4. Inversion Based Applications
In the following, we present a general overview on some inversion-based application areas . We then give more details about particular selected applications in the subsequent sections. Further, different applications whose details are skipped in this section such as remote sensing, nuclear science, and geophysics can be found in [164, 184, 242-247].

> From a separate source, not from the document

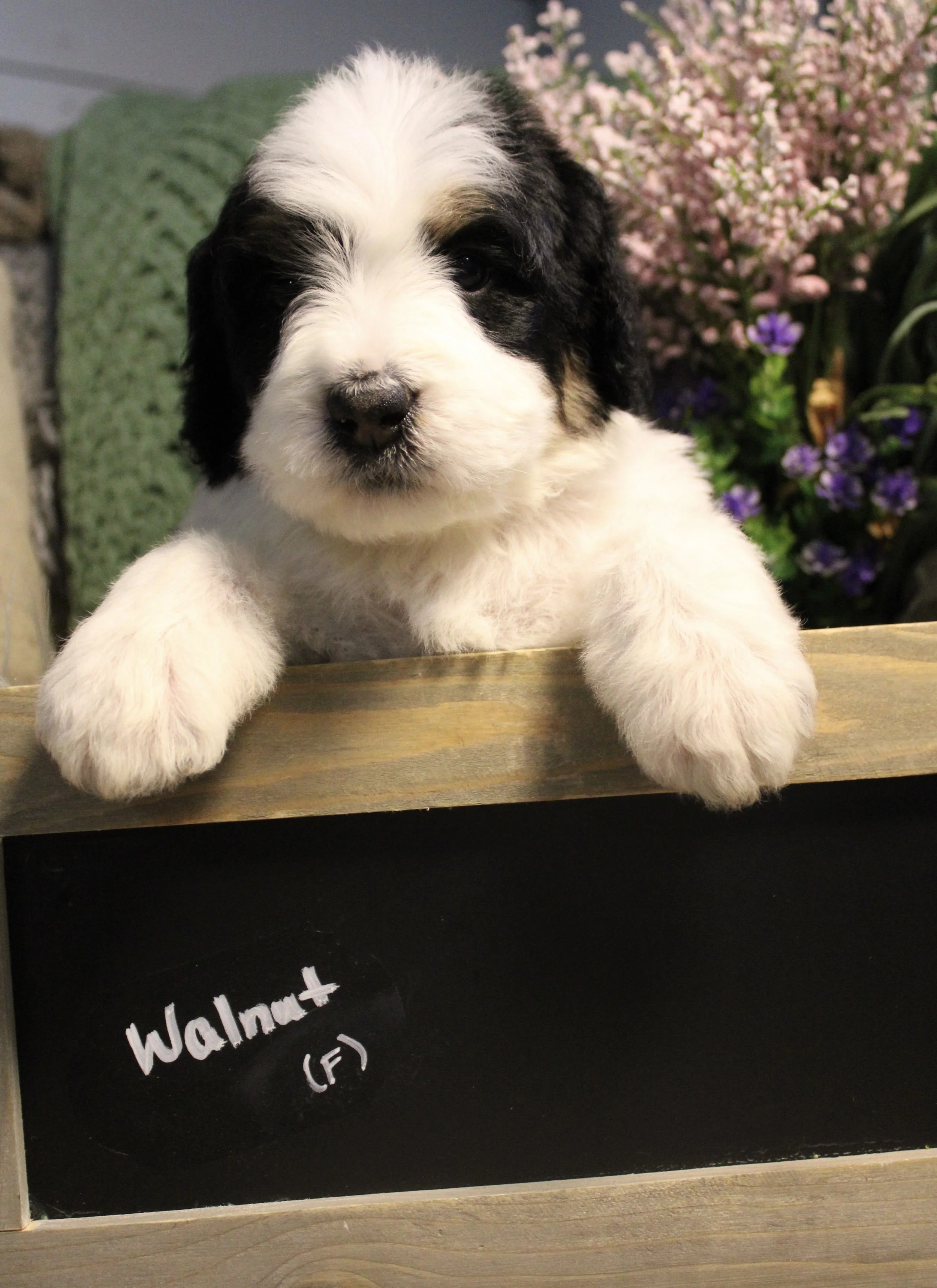 AVAILABLE Olive’s Australian Saint Bernedoodle WALNUT (F) estimated size at maturity 55-65lbs go home date 2/8/26. Free delivery if within 4 hours of Keene NH

Underwater Acoustics and Traveltime Tomography . Inverse problems related to underwater acoustics are a critical research area due to their wide range of important practical applications. Solutions of such problems can provide a heat distribution of seawater, an ocean depth at a point, sediment properties of a seabed, locations and/or shapes of submerged objects (mines, submarines, sunken wrecked ships buried to the seafloor, etc.), positions of underwater cables (communication, gas, petroleum, waste, etc.), profiles of seamounts, and a layered seabed for seismic applications or paths for current flows and migrations of sea animals [21]. In principle, all these applications can roughly be classified into two groups of problems such as remote sensing of passive marine environments and localization/characterization of acoustic sources which are in the sea or buried in the seafloor [171]. For the solution of these problems, one can use the speed of acoustic wave as a tool which is obtained from traveling time of an acoustic wave between two certain points or the amplitude and/or phase information of acoustic waves reflected/scattered from a target(s). In water-type medium, propagating acoustic waves are collected at a selected number of separate hydrophones to obtain measured field data.

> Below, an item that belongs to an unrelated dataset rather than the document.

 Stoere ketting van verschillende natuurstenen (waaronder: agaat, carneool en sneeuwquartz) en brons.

Generally, reconstructions of desired parameters from the knowledge of scattered acoustic waves lead to nonlinear and ill-posed inverse problems. Therefore, it is always a complicated issue to find unique and stable solutions, and one has to apply some additional techniques, that is, regularizations, for the proper treatment of the ill-posedness. More specifically, researchers have been applying the methods of Ray's theory, modal travel time/phase inversions, boundary integral equation approaches, Rayleigh's hypothesis, linear sampling, complete family method, convex scattering support theory, and so forth, in underwater acoustics [21, 71, 153, 165, 171, 189, 248-252].

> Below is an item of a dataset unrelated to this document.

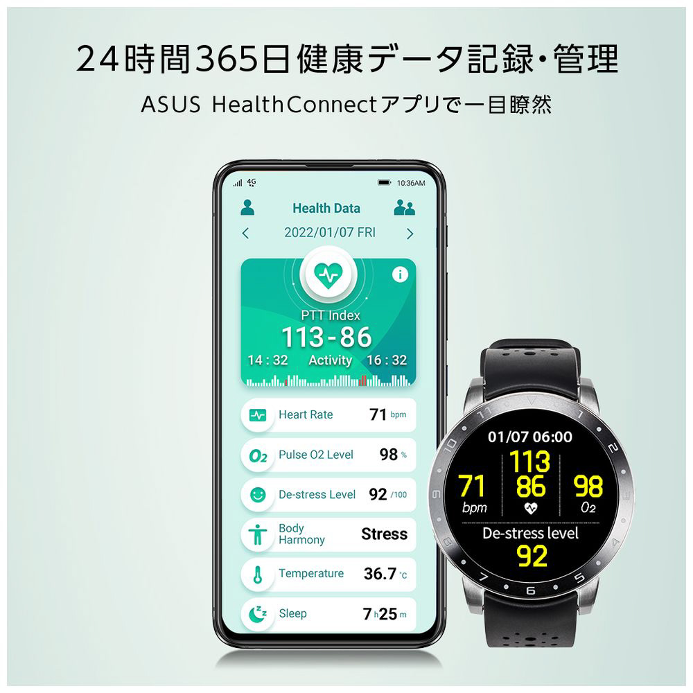 ※ASUS VivoWatch 5は医療機器ではなく、病状の診断を目的とするものではありません。測定結果はフィットネス・ウェルネス目的の参考値です。

Nondestructive Testing . The inspection of an object without touching or without changing its characteristic properties is a general definition of nondestructive testing (NDT) in the literature. In practice, NDT is commonly performed by following visual, penetrant, magnetic particle, radiographic, thermal infrared, Eddy's current, and ultrasonic type testing procedures for the identifications of cracks, shapes of surface discontinuities, or corrosion damages in power plants, rails, pipelines, bridges, buildings, airplanes, railroad tank cars, and so forth, [196, 253]. The main idea of these methods, which actually shows the conceptual relation between inverse problems and NDT applications, is the evaluation of the responses obtained from the interaction of a test object with a particular effect, that is, electromagnetic/acoustic field, gamma or X-radiation, fluorescent dye, and so forth. Therefore, approaches which are used for inverse problems, that is, synthetic aperture focussing technique (SAFT, [180, 254]), diffraction tomography (DT, [177-179, 255-257]), multiple signal classification (MUSIC, [129, 155, 167, 176, 198]), linear sampling method (LSM, [70-74]), factorization [75, 76, 258], point source [23, 68, 69], no response test [82-84], and so forth, are also employed for NDT problems [259].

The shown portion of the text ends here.